A traveling wave keeps its shape and shifts along the propagation direction by $\Delta y = v\,t = \dfrac{\lambda}{T}\,t$ in time $t$.

(1) At $t = 3T/8$ the pattern shifts in $+y$ by

$$\Delta y = \frac{\lambda}{T}\cdot\frac{3T}{8} = \frac{3\lambda}{8},$$

so the crest originally at $O$ moves to $y = 3\lambda/8$. At $t = 7T/6$ the shift is

$$\Delta y = \frac{\lambda}{T}\cdot\frac{7T}{6} = \frac{7\lambda}{6} = \lambda + \frac{\lambda}{6};$$

a shift of one full wavelength reproduces the wave, so the pattern appears shifted by only $\lambda/6$ in $+y$.

(2) For $-y$ propagation the same shape shifts the opposite way: the waveforms are obtained by shifting the original $3\lambda/8$ and $\lambda/6$ in the $-y$ direction (mirror images about the $y$-axis of the $+y$ results).

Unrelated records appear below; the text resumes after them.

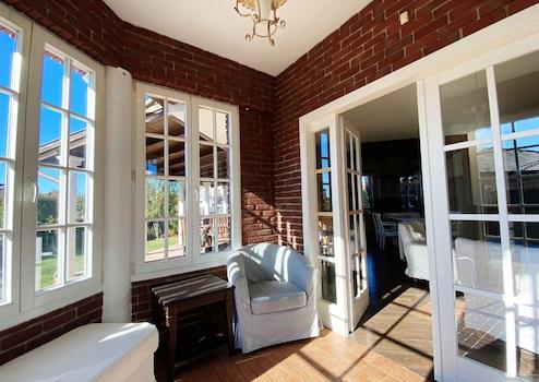 Von hier aus öffnet sich ein 8 m² großer, schneeweißer, geteilter Fenster-Wintergarten.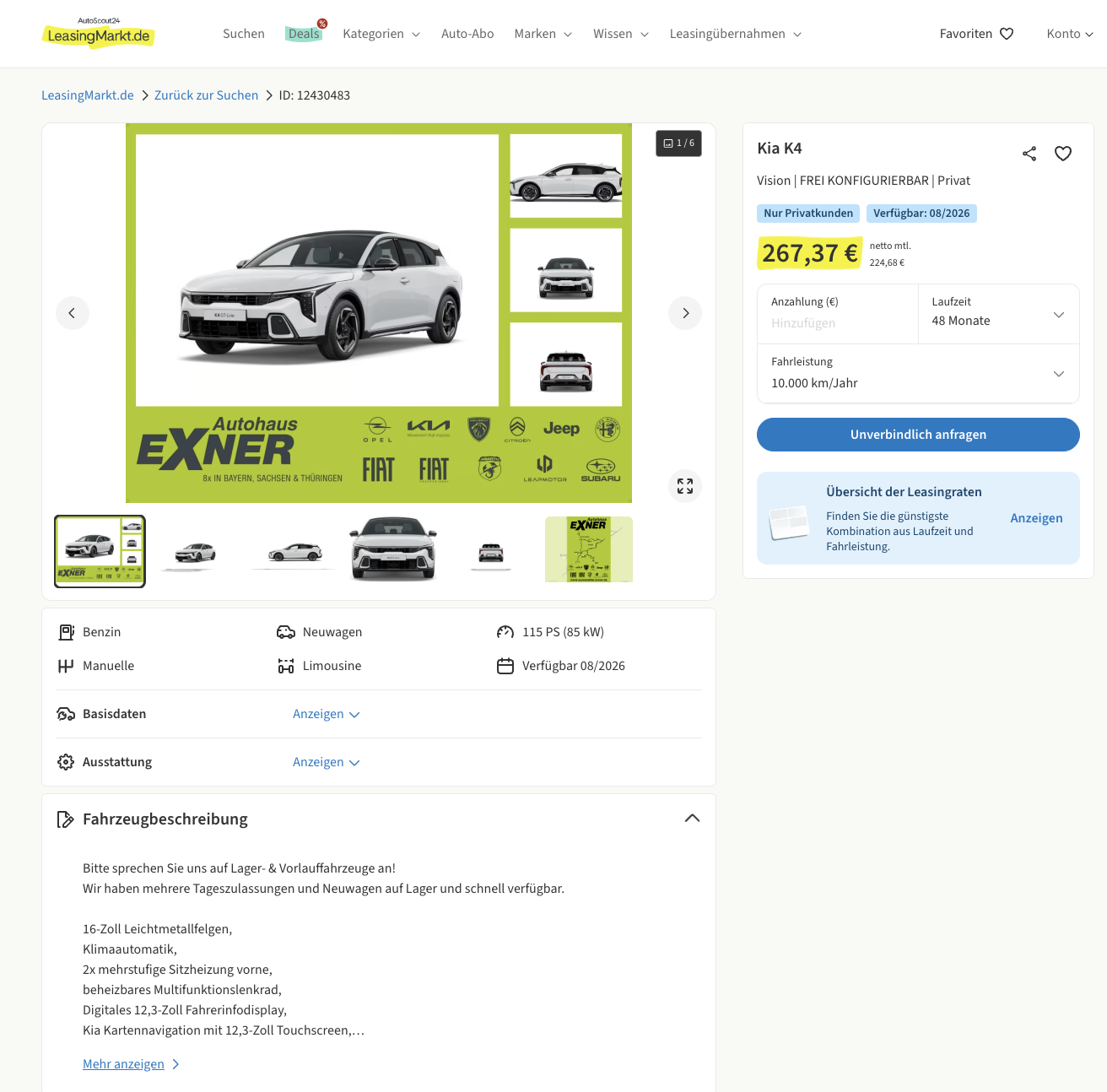 Kalkuliert ist das Angebot mit 48 Monaten Laufzeit und 10.000 Kilometern pro Jahr. Laufleistung und Laufzeit lassen sich in der Regel anpassen. Da der Kia K4 beim Marktführer aktuell nicht gelistet ist, fehlt der direkte Preisvergleich, das Angebot überzeugt hier vor allem durch die klare Ausstattung und die planbaren Kosten.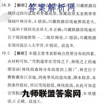 18.B【解析】读图并结合所学知识可知,川藏铁路沿线经过四川盆地和青藏高原,青藏高原无亚热带常绿阔叶林分布,A错误:川藏铁路沿线地势高差大,气温和干湿状况差异大,B正确:川藏铁路沿线地区位于我国地势第一、二级阶梯处,C错误:川藏铁路东部河流注入太平洋,D错误。故选B。19.C【解析】本题主要考查影响自然带分布的因素。由材料可知,“雪豹通常在雪线之下、林线之上的地带活动(林线指森林分布高度的上限)”,林芝位于雅鲁藏布江谷地,西南季风的迎风坡,降水较多,水热条件较好,所以雪线较低,林线较高,由此可知适合雪豹活动的范围相对背风坡较小,A、B、D项错误,C正确。故选C。

(3) Each particle performs SHM with $\omega = \dfrac{2\pi}{T}$ and amplitude $A = 0.2$ m. For a wave moving in $+y$, a particle's velocity matches that of the particle just behind it (smaller $y$), which fixes each initial phase:

• $O$ (crest, $x = +A$, momentarily at rest, about to move down): $x_O = A\sin\!\left(\omega t + \dfrac{\pi}{2}\right)$.
• $a$ ($x = 0$, moving up): $x_a = A\sin(\omega t)$.
• $b$ (trough, $x = -A$, about to move up): $x_b = A\sin\!\left(\omega t - \dfrac{\pi}{2}\right)$.
• $c$ ($x = 0$, moving down): $x_c = A\sin(\omega t + \pi)$.
• $d$ (crest, same phase as $O$): $x_d = A\sin\!\left(\omega t + \dfrac{\pi}{2}\right)$.